Consideration 1: Avoid use of the Reflective Type System in primitive operators
The Reflective Type System allows an application to determine the types and values of attributes within a tuple at runtime. The Reflective Type System (reflection) is described in the InfoSphere Streams Information Center in the SPL Toolkit Development Reference > Advanced Operator Implementation Topics > Using the Reflective Type System topic. If you are using the types ValueHandle or Meta:BaseType, you are using the Reflective Type System. While convenient to code, use of reflection can slow down the performance of your application.
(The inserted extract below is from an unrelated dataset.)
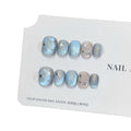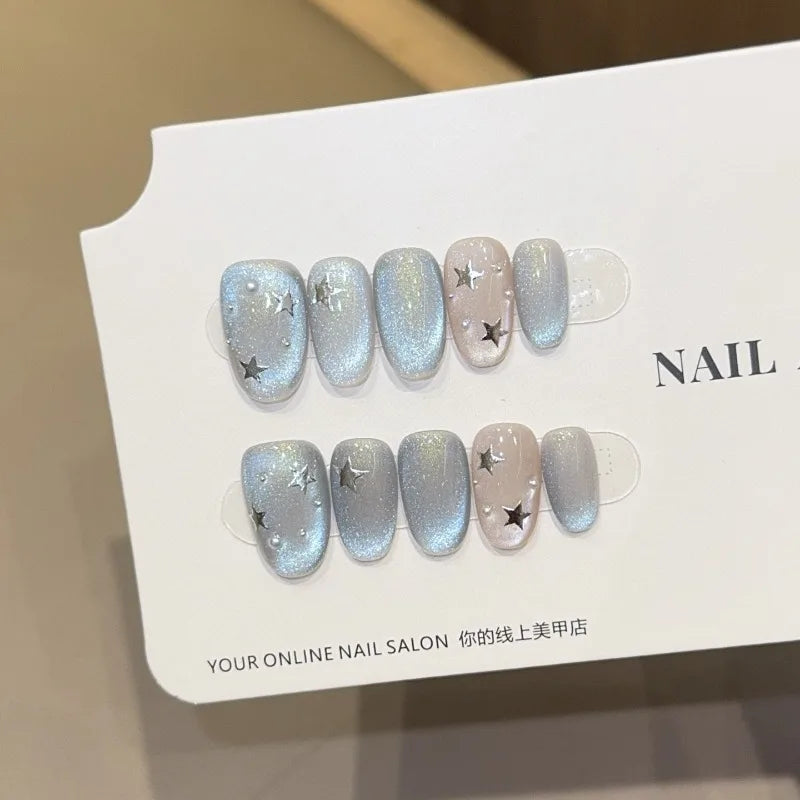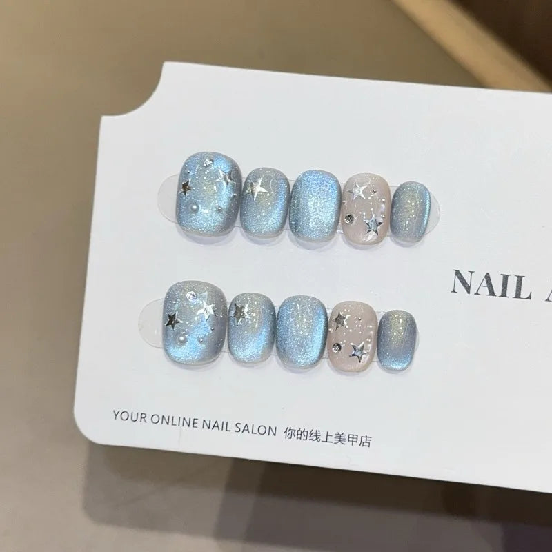 New 10Pcs INS Short Handmade Press on Nails Blue Cat Eye Star Fake Nails Wearable Stick-on Nails Full Cover False Nail

As an example, this is a slow way to build a string from the fields in a tuple:
-
for(ConstTupleIterator ti=tuple.getBeginIterator();
ti!=tuple.getEndIterator(); ++ti)
{
ConstTupleAttribute attribute = *ti;
std::string name = attribute.getName();
ConstValueHandle handle = attribute.getValue();
std::string temp = handle.toString();
buf << temp << ",";
}
Instead, the SPL compiler can determine the tuple attributes once at compile-time thereby avoiding the overhead of doing this at run-time. The following code also builds a string from the fields in a tuple but will perform much faster:
-
<%
my $numAttrs = $inputPort->getNumberOfAttributes();
my $comma = "";
for (my $i = 0; $i < $numAttrs; ++$i)
{
my $attr = $inputPort->getAttributeAt($i);
my $attrName = $attr->getName();
my $type = $attr->getSPLType();
if (SPL::CodeGen::Type::isString($type)) {%>
buf <%=$comma%> << ituple.get_<%=attrName>().c_str();
<%}
elsif (SPL::CodeGen::Type::isIntegral($type) ||
SPL::CodeGen::Type::isFloatingpoint($type)) {%>
buf <%=$comma%> << ituple.get_<%=$attrName%>();
<%}
else {%>
buf <%=$comma%> << 'X';
<%}
$comma = " << ','";
}%>
As another example, the assignFrom operator uses reflection. Therefore this is a slow way to copy a tuple:
-
newTuple.
assignFrom
(origTuple, false);
a better way is to use explicit attribute copies:
newTuple.get_attr1() = origTuple.get_attr1();
newTuple.get_attr2() = origTuple.get_attr2();
...
The following code is another better way that will generically iterate over all the fields and copy those with matching names and types:
-
<%
my $inputPort = $model->getInputPortAt(0);
my $outputPort = $model->getOutputPortAt(0);
my $tupleType = $inputPort->getSPLTupleType(); %>
IPort0Type const& t = static_cast<IPort0Type const&>(tuple);
OPort0Type otuple;
<%
my @names = SPL::CodeGen::Type::getAttributeNames($tupleType);
my @types = SPL::CodeGen::Type::getAttributeTypes($tupleType);
for (my $i = 0; $i < scalar(@names); ++$i) {
my $n = $names[$i];
my $attr = $outputPort->getAttributeByName($n);
next if !$attr;
next if $types[$i] ne $attr->getSPLType(); %>
otuple.set_<%=$n%>(t.get_<%=$n%>());
<%}%>
Another use of reflection is to check the type of a field in a tuple:
-
ValueHandle
handle = tuple.getAttributeValue("someAttribute"); if(handle.getMetaType() == SPL::Meta::Type::LIST)
...
a better way to do this leverages the SPL compiler to make the check at compile time:
-
<%
my $outputPort = $model->getOutputPortAt(0);
my $attr = $outputPort->getAttributeByName("someAttribute");
if (SPL::CodeGen::Type::isList($attr->getSPLType())) {
...
%>
Consideration 2: Avoid repetitive use of the SPL time(), timeStringToTimestamp(), or toTimestamp() standard toolkit function variations that include a specified timezone
The time(), timeStringToTimestamp(), and toTimestamp() functions are described in the InfoSphere Streams Information Center in the SPL Standard Toolkit Types and Functions > Builtin SPL Functions topic. These functions each have variations that allow specification of an arbitrary timezone to use in the time conversion. There is significant system overhead involved in converting to an arbitrary timezone so avoid frequent calls to these variations of the functions.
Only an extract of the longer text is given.